As a fiction writer, you actually have an opportunity to go at the same ideas, but you can make them engaging. You don’t have to stick only to the facts, because you can move them into the future. You can say ‘What if this water management fails? what if it succeeds? what kind of world does this build? what kind of policy does this world build?’ And then you place characters in that world, and then the reader gets to live viscerally in that world. If the reader is living in the skin of a climate refugee and they have to live that life and experience what it’s like to be a refugee out of Texas, stuck in Phoenix with very little hope, living as a second-class citizen. What is that — how does that change their perspective on drought management, water power, things like that.
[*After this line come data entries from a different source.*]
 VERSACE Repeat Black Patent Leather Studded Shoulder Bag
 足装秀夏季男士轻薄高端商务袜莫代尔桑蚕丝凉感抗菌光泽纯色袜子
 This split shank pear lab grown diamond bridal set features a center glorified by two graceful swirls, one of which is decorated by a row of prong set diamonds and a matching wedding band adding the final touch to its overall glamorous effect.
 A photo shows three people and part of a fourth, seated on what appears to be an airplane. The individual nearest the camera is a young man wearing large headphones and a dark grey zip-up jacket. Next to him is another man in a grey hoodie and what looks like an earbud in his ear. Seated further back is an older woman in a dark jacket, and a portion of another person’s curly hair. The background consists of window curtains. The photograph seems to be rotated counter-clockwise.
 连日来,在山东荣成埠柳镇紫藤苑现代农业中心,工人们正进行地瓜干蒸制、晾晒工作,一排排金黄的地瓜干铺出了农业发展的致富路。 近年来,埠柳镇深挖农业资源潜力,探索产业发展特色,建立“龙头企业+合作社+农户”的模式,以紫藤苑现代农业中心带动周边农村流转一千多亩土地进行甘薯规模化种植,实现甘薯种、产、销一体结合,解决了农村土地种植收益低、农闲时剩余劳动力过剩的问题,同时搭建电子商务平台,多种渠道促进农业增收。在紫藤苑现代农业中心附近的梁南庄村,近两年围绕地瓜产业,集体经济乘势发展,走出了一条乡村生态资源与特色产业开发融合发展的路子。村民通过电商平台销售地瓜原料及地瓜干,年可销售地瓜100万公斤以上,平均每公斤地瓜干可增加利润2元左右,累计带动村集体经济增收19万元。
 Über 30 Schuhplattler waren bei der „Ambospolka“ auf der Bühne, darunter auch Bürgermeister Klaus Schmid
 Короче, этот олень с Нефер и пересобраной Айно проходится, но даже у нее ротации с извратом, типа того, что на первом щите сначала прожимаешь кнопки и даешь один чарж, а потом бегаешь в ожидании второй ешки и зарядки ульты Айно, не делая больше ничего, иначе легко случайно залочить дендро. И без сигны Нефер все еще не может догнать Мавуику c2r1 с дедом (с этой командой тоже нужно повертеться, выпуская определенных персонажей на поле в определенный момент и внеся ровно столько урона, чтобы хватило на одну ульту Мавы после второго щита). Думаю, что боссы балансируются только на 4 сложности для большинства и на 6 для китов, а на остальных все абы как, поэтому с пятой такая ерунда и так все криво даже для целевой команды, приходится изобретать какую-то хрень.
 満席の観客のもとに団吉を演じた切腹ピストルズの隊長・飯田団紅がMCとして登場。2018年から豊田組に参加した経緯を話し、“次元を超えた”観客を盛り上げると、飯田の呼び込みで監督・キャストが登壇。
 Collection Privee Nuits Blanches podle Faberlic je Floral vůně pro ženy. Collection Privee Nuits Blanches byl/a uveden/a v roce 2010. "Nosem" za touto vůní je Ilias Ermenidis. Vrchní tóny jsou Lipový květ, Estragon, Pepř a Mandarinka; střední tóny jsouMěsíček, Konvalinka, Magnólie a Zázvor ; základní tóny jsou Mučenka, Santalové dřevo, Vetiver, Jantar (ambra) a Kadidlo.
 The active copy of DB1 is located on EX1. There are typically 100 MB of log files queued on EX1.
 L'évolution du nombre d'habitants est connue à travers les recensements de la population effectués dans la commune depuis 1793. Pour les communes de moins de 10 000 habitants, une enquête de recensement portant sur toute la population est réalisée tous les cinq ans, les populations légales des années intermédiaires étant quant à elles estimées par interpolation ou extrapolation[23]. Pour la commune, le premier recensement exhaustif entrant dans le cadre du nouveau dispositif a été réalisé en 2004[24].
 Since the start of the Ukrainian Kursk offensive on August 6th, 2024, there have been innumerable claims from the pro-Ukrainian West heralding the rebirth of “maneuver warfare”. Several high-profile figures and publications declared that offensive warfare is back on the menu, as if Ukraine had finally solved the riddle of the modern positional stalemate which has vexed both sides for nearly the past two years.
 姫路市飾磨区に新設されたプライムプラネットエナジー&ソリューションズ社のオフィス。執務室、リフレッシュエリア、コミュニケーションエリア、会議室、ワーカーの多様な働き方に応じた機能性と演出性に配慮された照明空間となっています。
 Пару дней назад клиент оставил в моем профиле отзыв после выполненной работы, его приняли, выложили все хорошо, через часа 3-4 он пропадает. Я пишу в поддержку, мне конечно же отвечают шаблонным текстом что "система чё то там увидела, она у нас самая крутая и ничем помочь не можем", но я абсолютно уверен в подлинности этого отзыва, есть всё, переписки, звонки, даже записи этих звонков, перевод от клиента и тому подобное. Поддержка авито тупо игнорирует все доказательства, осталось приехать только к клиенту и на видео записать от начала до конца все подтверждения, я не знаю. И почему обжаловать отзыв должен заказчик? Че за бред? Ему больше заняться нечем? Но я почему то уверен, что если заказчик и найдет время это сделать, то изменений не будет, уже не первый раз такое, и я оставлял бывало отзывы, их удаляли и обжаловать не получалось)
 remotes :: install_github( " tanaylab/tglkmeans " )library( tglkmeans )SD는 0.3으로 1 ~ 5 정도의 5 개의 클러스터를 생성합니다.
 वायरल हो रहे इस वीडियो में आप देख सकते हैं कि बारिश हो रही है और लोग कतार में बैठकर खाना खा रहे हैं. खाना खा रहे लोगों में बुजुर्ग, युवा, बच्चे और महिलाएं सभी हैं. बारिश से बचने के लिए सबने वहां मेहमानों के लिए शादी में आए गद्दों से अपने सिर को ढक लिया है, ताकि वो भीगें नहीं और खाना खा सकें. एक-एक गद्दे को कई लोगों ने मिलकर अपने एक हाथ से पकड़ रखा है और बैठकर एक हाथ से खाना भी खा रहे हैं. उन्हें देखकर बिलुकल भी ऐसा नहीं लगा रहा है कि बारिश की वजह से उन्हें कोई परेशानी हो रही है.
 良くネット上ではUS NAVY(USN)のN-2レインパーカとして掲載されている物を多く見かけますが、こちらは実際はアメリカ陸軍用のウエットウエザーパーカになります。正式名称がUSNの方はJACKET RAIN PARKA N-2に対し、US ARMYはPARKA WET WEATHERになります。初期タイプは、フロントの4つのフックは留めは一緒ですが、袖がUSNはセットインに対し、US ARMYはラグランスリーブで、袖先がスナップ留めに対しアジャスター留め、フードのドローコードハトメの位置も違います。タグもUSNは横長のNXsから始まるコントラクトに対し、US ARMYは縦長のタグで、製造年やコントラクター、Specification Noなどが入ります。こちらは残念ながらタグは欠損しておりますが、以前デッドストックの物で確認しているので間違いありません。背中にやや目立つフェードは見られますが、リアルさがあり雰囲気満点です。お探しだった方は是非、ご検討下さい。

There’s a chance that that feels a lot more visceral and real. So, there’s an opportunity to contextualize things that are going on in our present moment, that you just can’t do as a journalist. I think the genius of fiction is that generates empathy. It moves us into a space where we live an experience as opposed to thinking about or considering an experience.

On the next one:

I think the next thing that I’m interested in is biodiversity. That’s the next one that’s kicking around in the back of my head — it’s another one of those silent things. You don’t really notice species going extinct, especially when you never knew the species existed in the first place because we never got around to cataloguing it. There’s just this steady drip of extinctions. We are in the middle of a mass extinction event, and we are causing it, and that matters — I think. Or let’s put it this way: I guess we don’t know how much it matters. Our ecosystems are a fairly tightly woven set of tapestries. You can pull a certain number of threads out and it sort of doesn’t matter to the whole woven thing. But at some point you pull out enough threads that the whole thing just unravels. And I wonder about that. I wonder how many threads you can pull before the whole thing collapses. Where is that last species that will be “oops, too many.”

I’m assuming it’s going to be something like some insect we’ve never heard of. We never get hit by the things we’re expecting. If we’re looking at it and we’re worried about it, that’s not where the danger lies. The danger lies in those places we weren’t looking, because we didn’t have the imagination to look.